It's a "Pop Filter". It is used to prevent "Plosives", which are blasts of air that can make a big pop or boom in a microphone. Some pop filters are foam rubber balls or socks that cover the end of the mic, to protect the mic's diaphragm from the air blast. The type in the video is a nylon mesh, and it serves the same purpose. The first prototypes of these were made with an embroidery hoop with a ladie's nylon hose stretched across the hoop. That idea caught on, and now you can buy them like the one in the video, with a flexible gooseneck on it to be able to position it where you want it.

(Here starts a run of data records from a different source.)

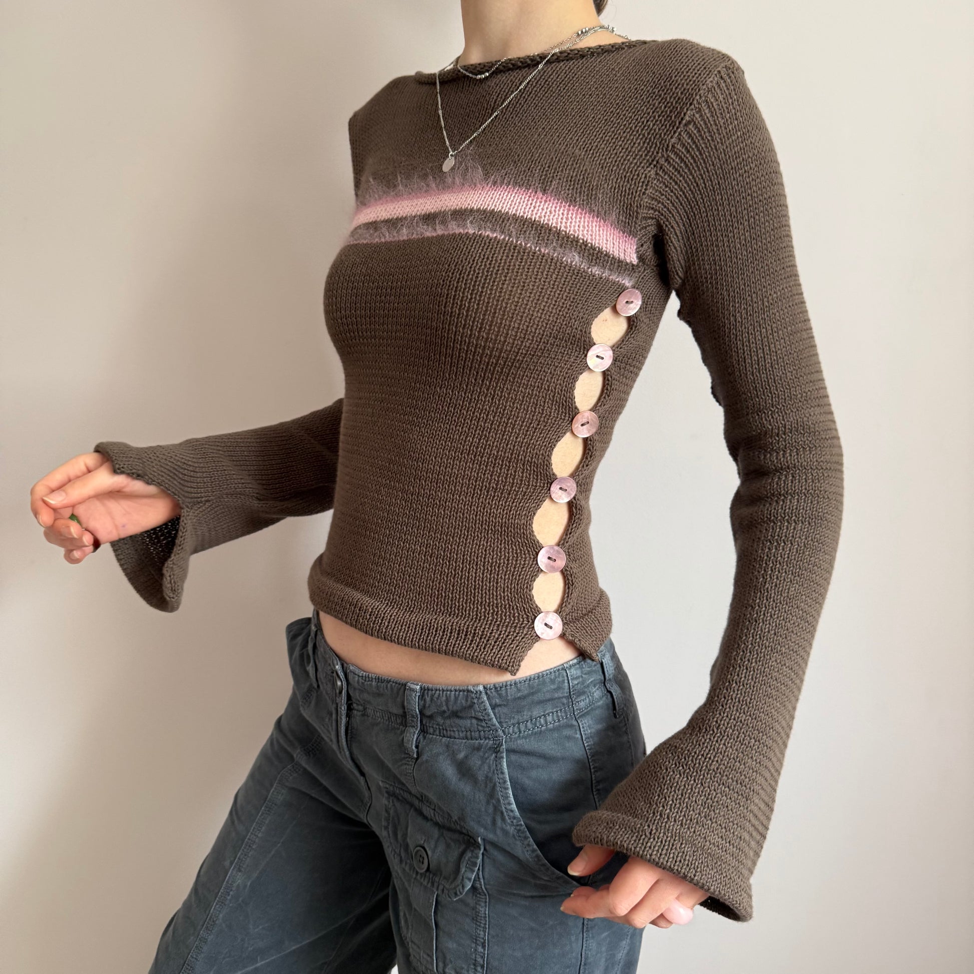 New in for AW25 ⭑ Handmade knitted flares sleeve jumper in a gorgeous mocha brown colour. Features two open sides with baby pink mother of pearl buttons and fluffy mohair stripes. Such a special piece ✨
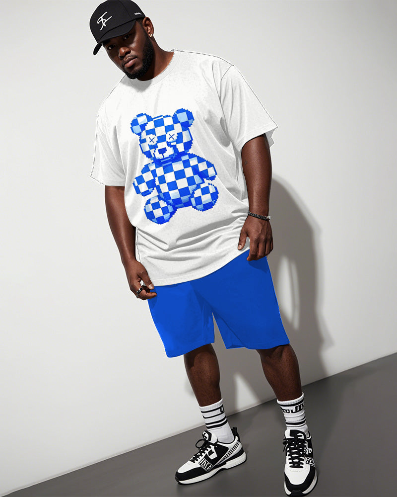 Men's Plus Size Blue Checkerboard Pixel Bear Print Short Sleeve T-Shirt Shorts Suit
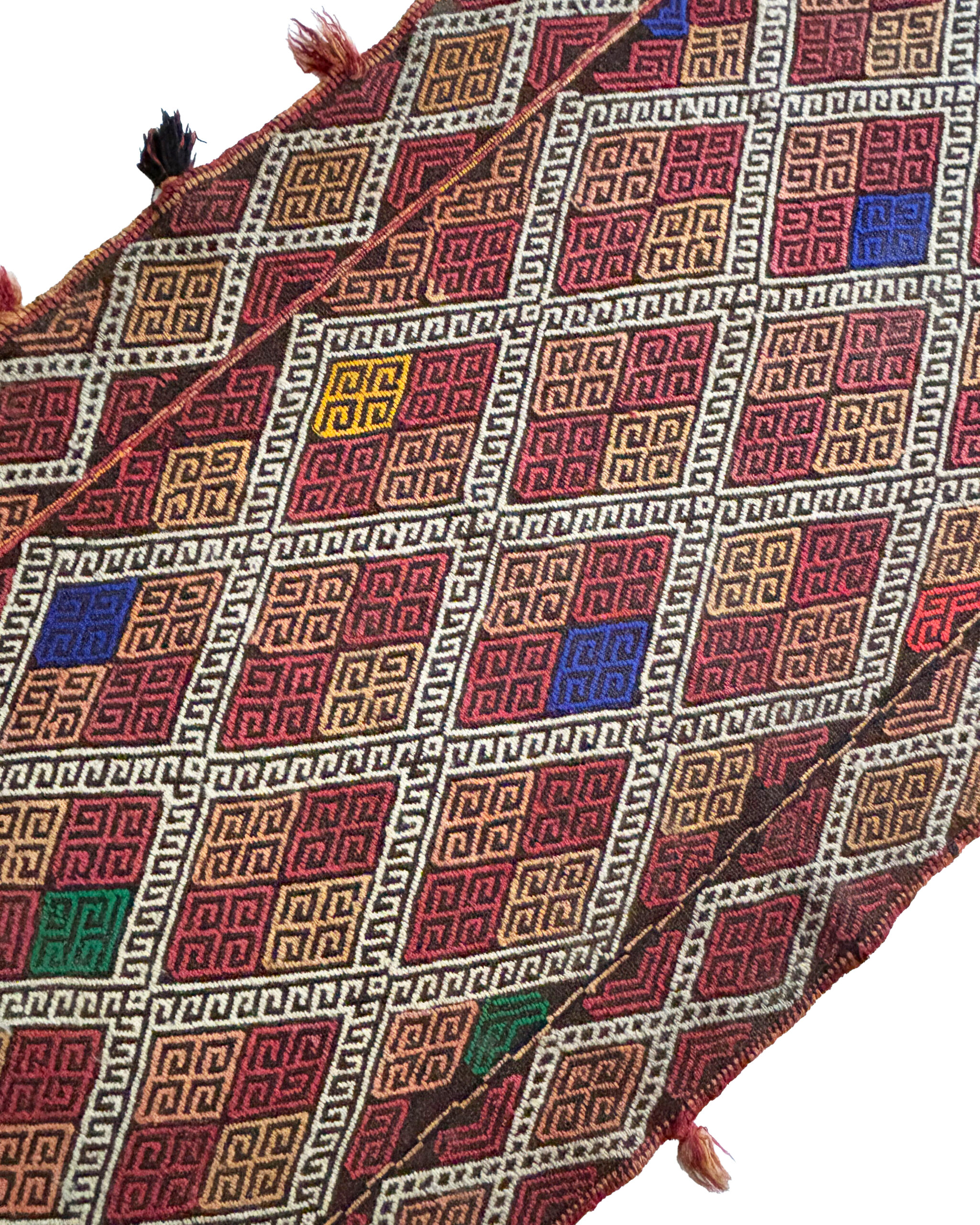 Turkmenský koberec Sarma zaujme tradičními vytkávanými vzory ve svěžích tónech a zemitou podkladovou paletou. Hravý detail představují třásničky a řetízek po stranách. Nadčasový kus se svojí délkou 247 centimetrů se skvěle hodí do chodby, k posteli či kuchyňské lince.
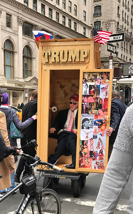 As the parade enters Washington Square Park, the festivities will begin. All food concessions will be provided by sh**hole Third World countries. As long as supplies last, the H&M apparel company will hand out their insensitive “Coolest Monkey in the Jungle” hoodies. Megyn Kelly and Jane Fonda look-alikes will have a free-for-all slap-off. USA Gymnastics will be offering free gynecological exams provided by a Larry Nassar look-alike. A Princess Michael of Kent look-alike will hawk racially offensive jewelry, and UCLA basketball players will hawk sunglasses shoplifted in China. All parade revelers are invited to experience humiliation on the United Airlines Plane Float, where they will be dragged kicking and screaming down the aisle and thrown out the door. A Kathy Griffin look-alike will auction severed Trump heads and a Michael Phelps look-alike will swim with sharks in the Washington Square Park fountain. Free Covfefe will be served to all by White House staff look-alikes.
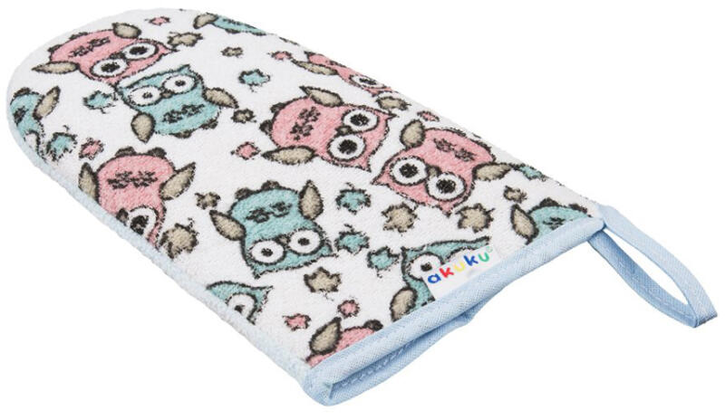 Gyermek frottír mosdókesztyű Akuku vidám képekkel fiúknak. Praktikus füllel felakasztható. Mérete: kb 21x12 cm. Anyaga:82% pamut, 18% poliészter.
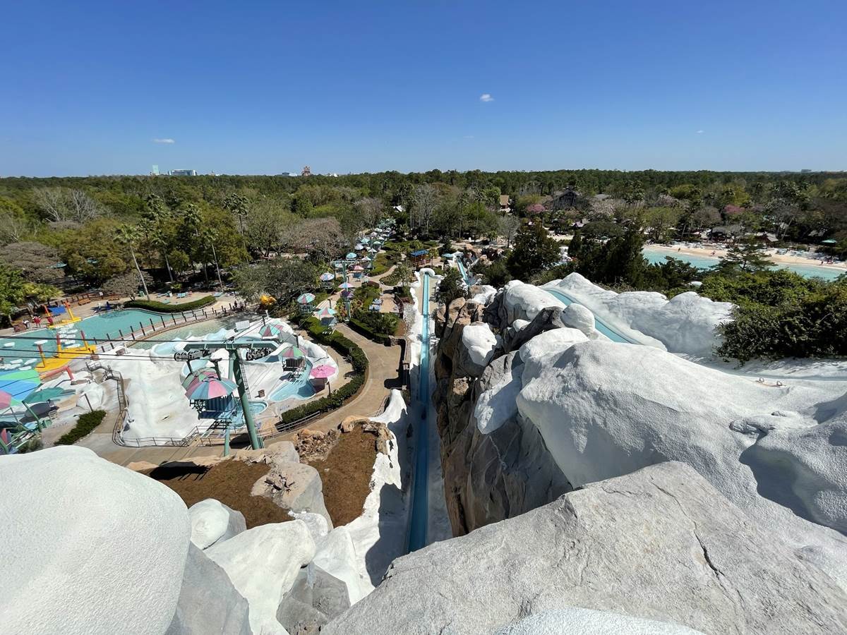 You’ll notice in the pictures that there are few people here. The weather today in Orlando, while quite pleasant, is a bit on the cool side. The temperatures range in the low 60s which for many sounds like a great day, but for those getting out of the water of a lazy river, wave pool, or splashing down after a slide, feels drastically different and uncomfortable making for a not-so-pleasant day. In fact, Universal’s Volcano Bay which also recently reopened, closed for the weekend based on the forecast. The marketing for the reopening of Blizzard Beach is also lackluster, especially when compared to other efforts of Walt Disney World, and even other area parks, so word might not be out yet that “the only ski resort on the meltdown” is open once again.
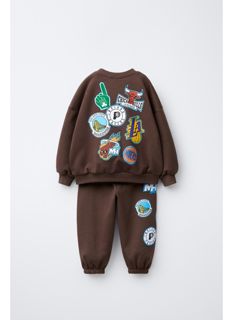Двухэтапный набор. Круглый вырез, майка с длинным рукавом. Ребристые манжеты. Джоггеры с эластичным поясом. Принт NBA - МУЛЬТИ ТИМОВ. Мягкий начес изнутри. Ткань с 82% хлопка.
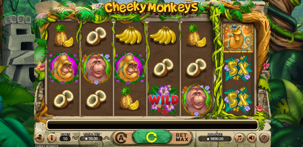 There are a variety of fruit and monkey symbols, with the sounds of the jungle and rhythmic music to transport you into the fragrant jungle of the Cheeky Monkeys.
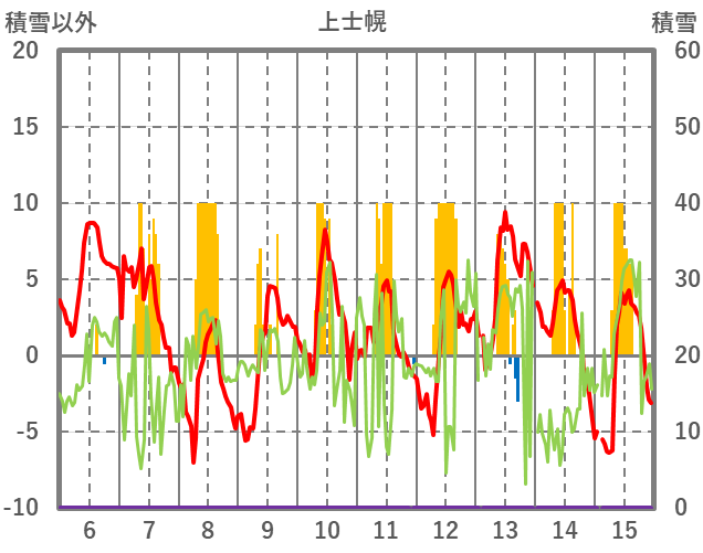 | 日 | 時 | 気温 | 降水 | 風向/風速 | 日照 | 積雪 | 降雪 |
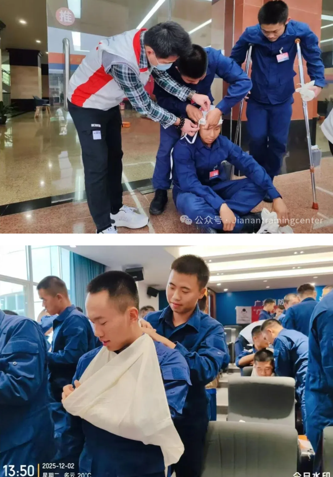 当日,一场聚焦“实训为王”的线下培训火热开展。授课老师化身“技能教练”,将课堂直接转化为“救援现场”:从交通事故模拟区的“黄金四分钟”心肺复苏实操,到建筑坍塌场景下“止血—包扎—固定—搬运”的连贯处置演练,从高温灼伤急救技巧讲解到群体伤检伤分类实操,每个环节均精准还原消防实战中最可能遭遇的危急情境。学员们身着作训服,或跪地专注练习胸外按压,或俯身协作固定骨折部位,即便额头沁满汗珠,眼神依旧坚定专注——这场沉浸式训练,成功将“纸上知识”真正转化为“肌肉记忆”。即便那位拄着拐杖的学员,也在助教的全程协助下全身心投入,反复观摩关键动作、模拟操作流程,力求将每一个急救细节刻进心里。
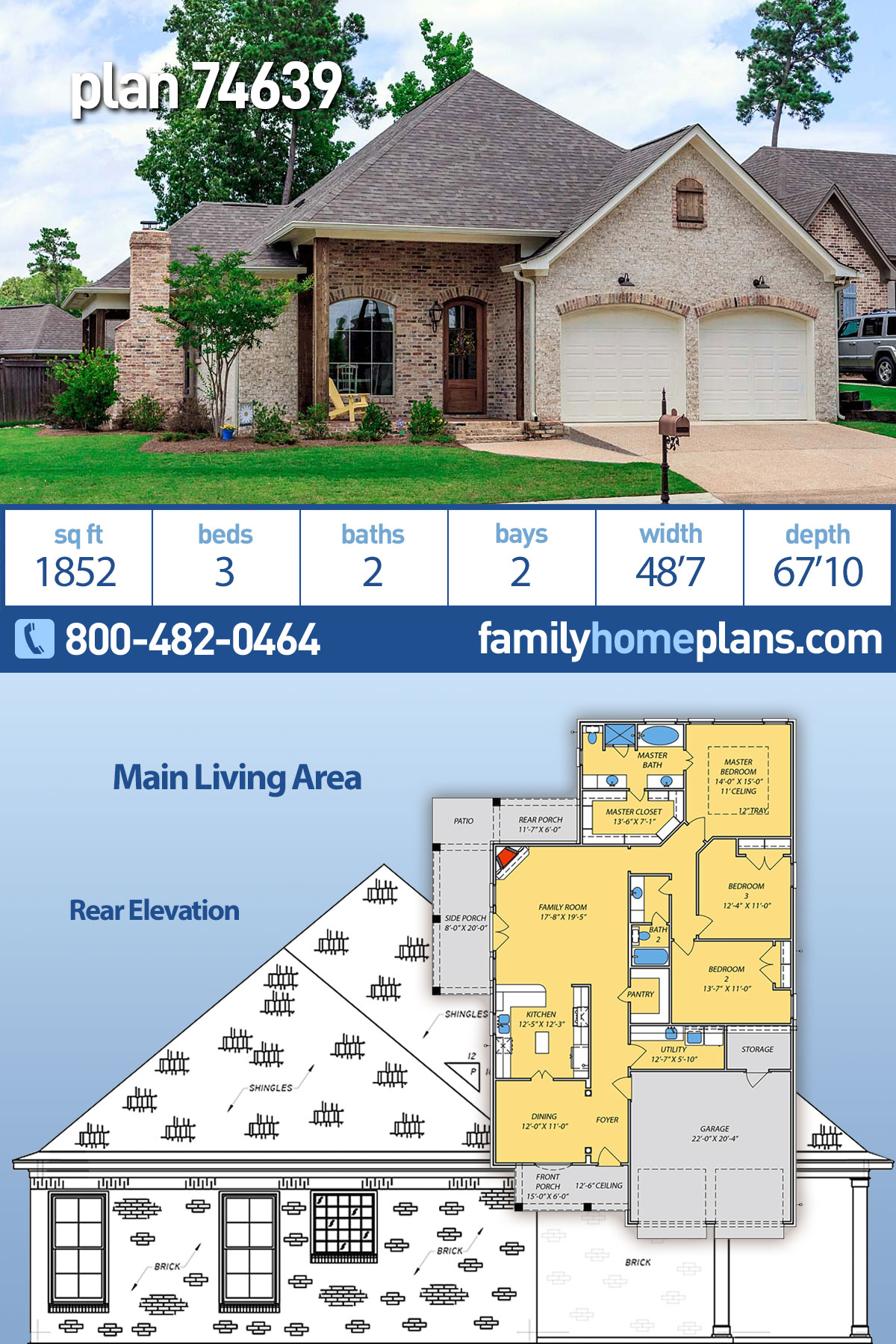 Traditional Style, 1852 Sq Ft, 3 Bed, 2 Bath, 2 Car | Plan 74639
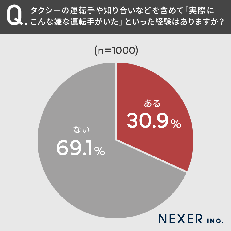 30.9%の方が「実際にこんな嫌な運転手がいた」といった経験が「ある」と回答しています。
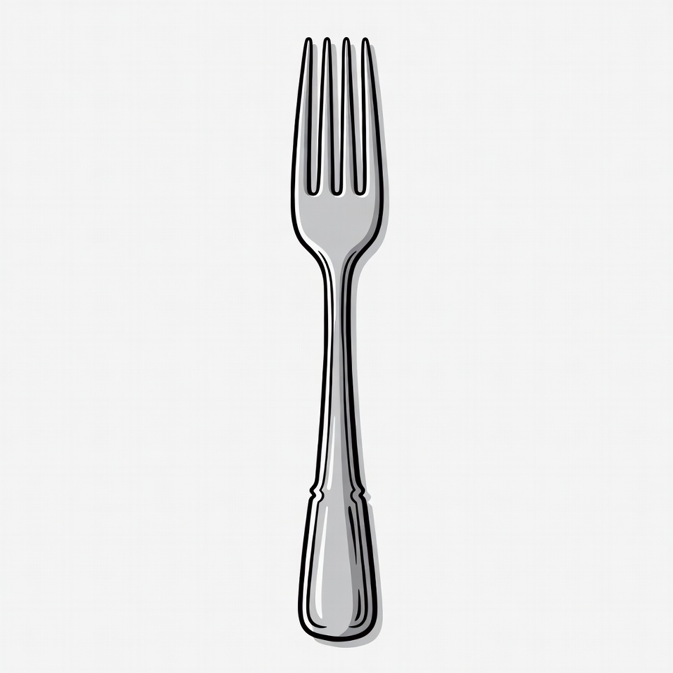 clipart, cutlery, dinner fork, eating utensil, illustration, isolated background, kitchen utensil, line art, metal fork, silver fork, simple drawing, tableware, vector graphic, white background, fork
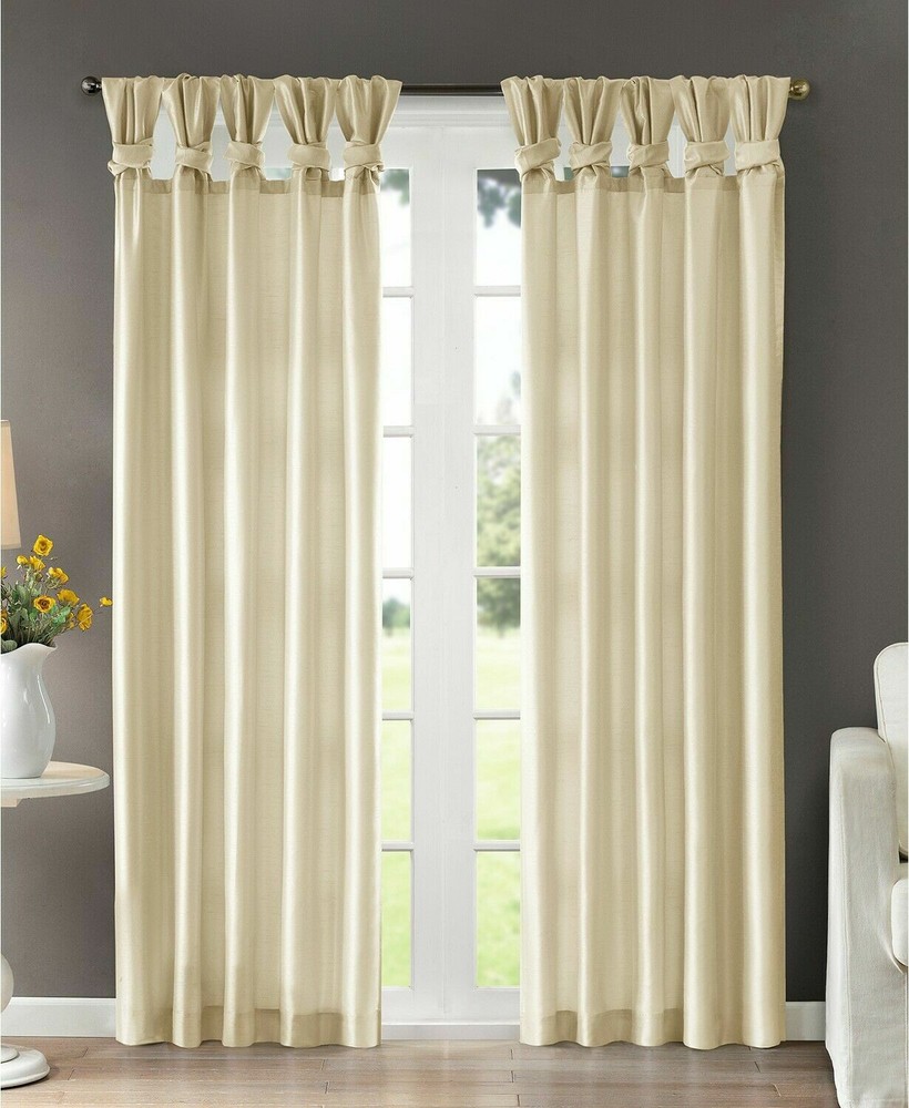 Madison Park Emilia 50" x 84" Lined Faux-Silk Twisted Tab Window Panel-T4102762 1 Panel Only Maximize and room's style and privacy with the shimmering faux silk and lined design of this Emilia twisted tab window panel from Madison Park. Dimensions: 50" x 84" Twist tab header Fits rods up to 2" diameter Lined for enhanced privacy and a better drape Fake-silk fabric NOTE: photo displays two panels for a finished look, but this item contains only 1 panel. Each panel is sold individually Fake-silk fabric and lining: polyester Machine washable Imported

Good pop filters will dissipate the plosives and allow the rest of the sound to pass through. The mesh stops most of the big puff of air formed by plosives.
Plosives happen mostly on the letter "P", but can also happen on "B", "G", "D" or "T" or any similar consonant that suddenly releases a small burst of air. The mic may also have a "Low Frequency" filter switch that cuts off some of the low-end tone of the mic. You also lose some bass-sound from the voice being recorded, and the switches may not be as effective as the screens, so most people seem to like the screens these days. In some old photos of the Beatles, you can see some metal screens being used around the mics.
Many "Ball" mics (hand-held live vocal mics) have a foam ball inside the metal ball-shape on the singing end that serves as a built-in pop filter.